The actual required CPU-time of a workstation session is assumed (due to a long-term study) as a random variable with unknown expected value $\mu$ and known variance $\sigma^2=6.25[s^2]$. How many independent measurement of CPU-time are needed such that with probability of at least $0.9$, you have that the difference $|\bar{X}-\mu|$ is less than $0.1$?
This is task from old exam with different teacher. I ask my teacher and he say he don't show this example in class but give me two method for solve it: Central limit theorem and Chebyshev's inequality. This already help me much and I try solve like this:
I use central limit theorem:
We have that $$\sqrt{n} (\bar{X}-\mu) \text{ for } n \rightarrow \infty \text { is approximately standard normally distributed}$$
Now assume we have very big $n$ such that approximation mistake is very small so we don't need to keep it in mind.
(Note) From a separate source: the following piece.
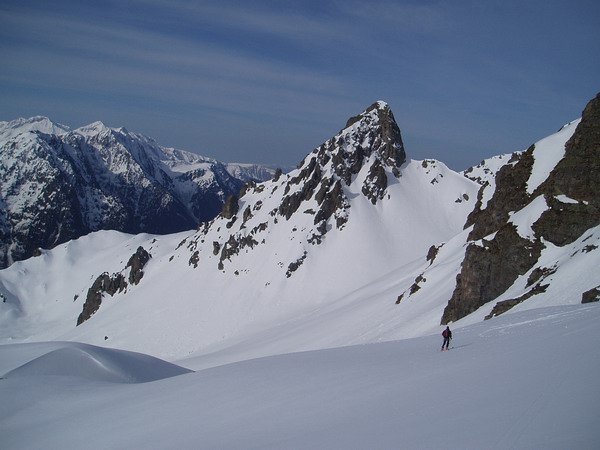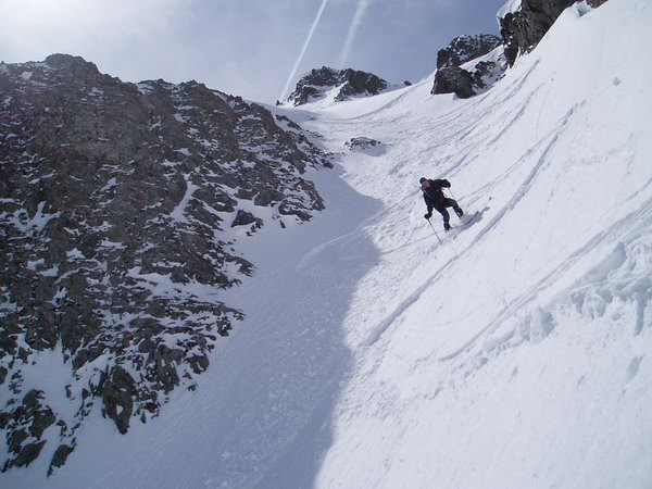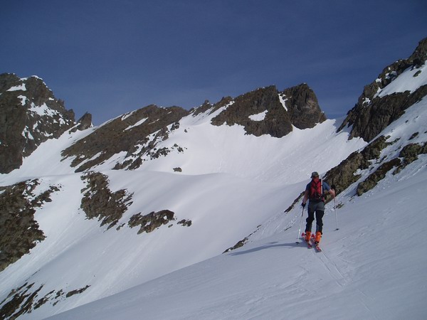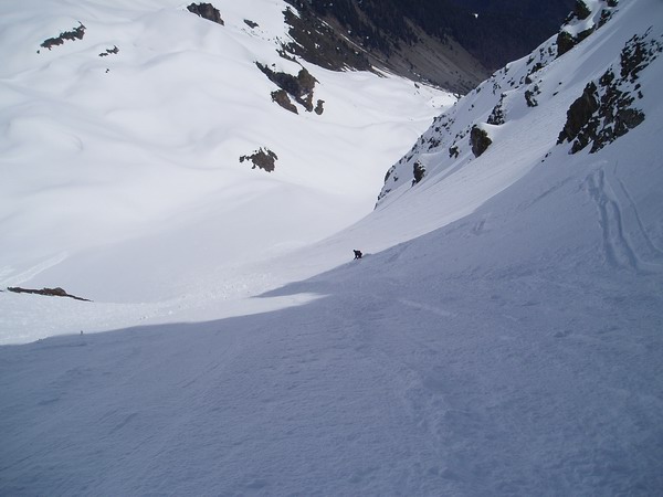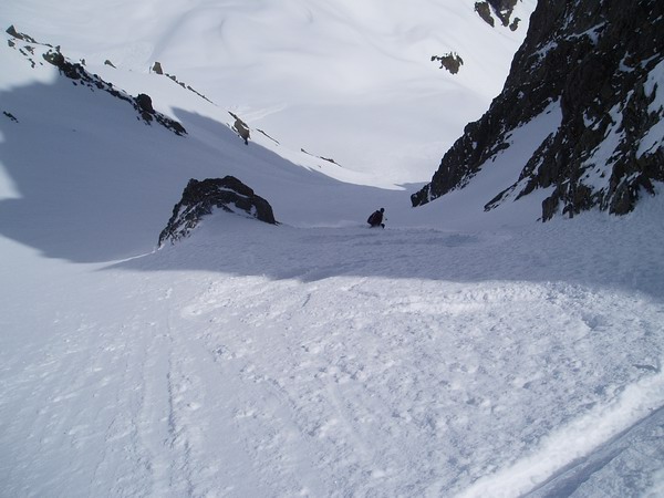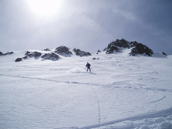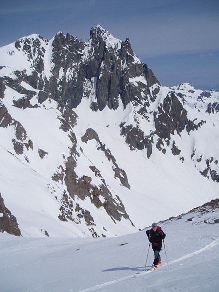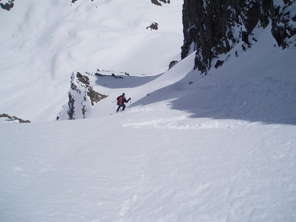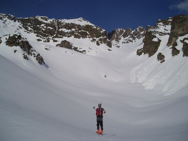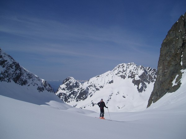 Très beau tour qui permet de visiter des vallons de Belledonne peu fréquentés. Conditions optimales ce jour, montées et premières descentes faciles en neige dure puis plus de 600 m de poudre vierge pour terminer. Simon enchaîne son plus gros dénivelé (environ 2000) et son premier vrai couloir en très bonnes conditions. Personne n'était venu semble-t-il dans le secteur depuis les dernières chutes de neige.

Then we can do
$$P(|\bar{X}-\mu|) < \varepsilon) = P(\sqrt{n}|\bar{X}-\mu|<\sqrt{n} \varepsilon)=P(-\sqrt{n}\varepsilon< \sqrt{n}(\bar{X}-\mu)< \sqrt{n} \varepsilon) \\ \approx \Phi(\sqrt{n} \varepsilon)- \Phi(-\sqrt{n}\varepsilon) = 2\Phi(\sqrt{n}\varepsilon)-1$$
Now insert $\varepsilon= 0.1$ in inequality $P(|\bar{X}-\mu|<\varepsilon)\geq 0.9$ then we have
$$2\Phi(0.1 \cdot \sqrt{n})-1 \geq 0.9 \Leftrightarrow \Phi(0.1 \cdot \sqrt{n}) \geq 0.95$$
And from this step I don't know how finish it :/
Can you tell me if this is correct till here and how to finish it? I really think I almost got it but something is missing..
But actually I'm more interested to know how you would do this with Chebyshev? I tried it already but also not sure if correct (see my comment of karakfa's answer).
Chebyshev inequality won't help you here. With some overall assumptions you can use the normal approximation and work from the z-table.
The sample size you'll come up with should be
$$ n = (\frac{z_{\alpha/2} \sigma}{E})^2 $$
for 90% CI, $z_{\alpha/2} \approx 1.65$, and $E$ is given as $0.1$, $\sigma^2=6.25$
$ n \approx 1700$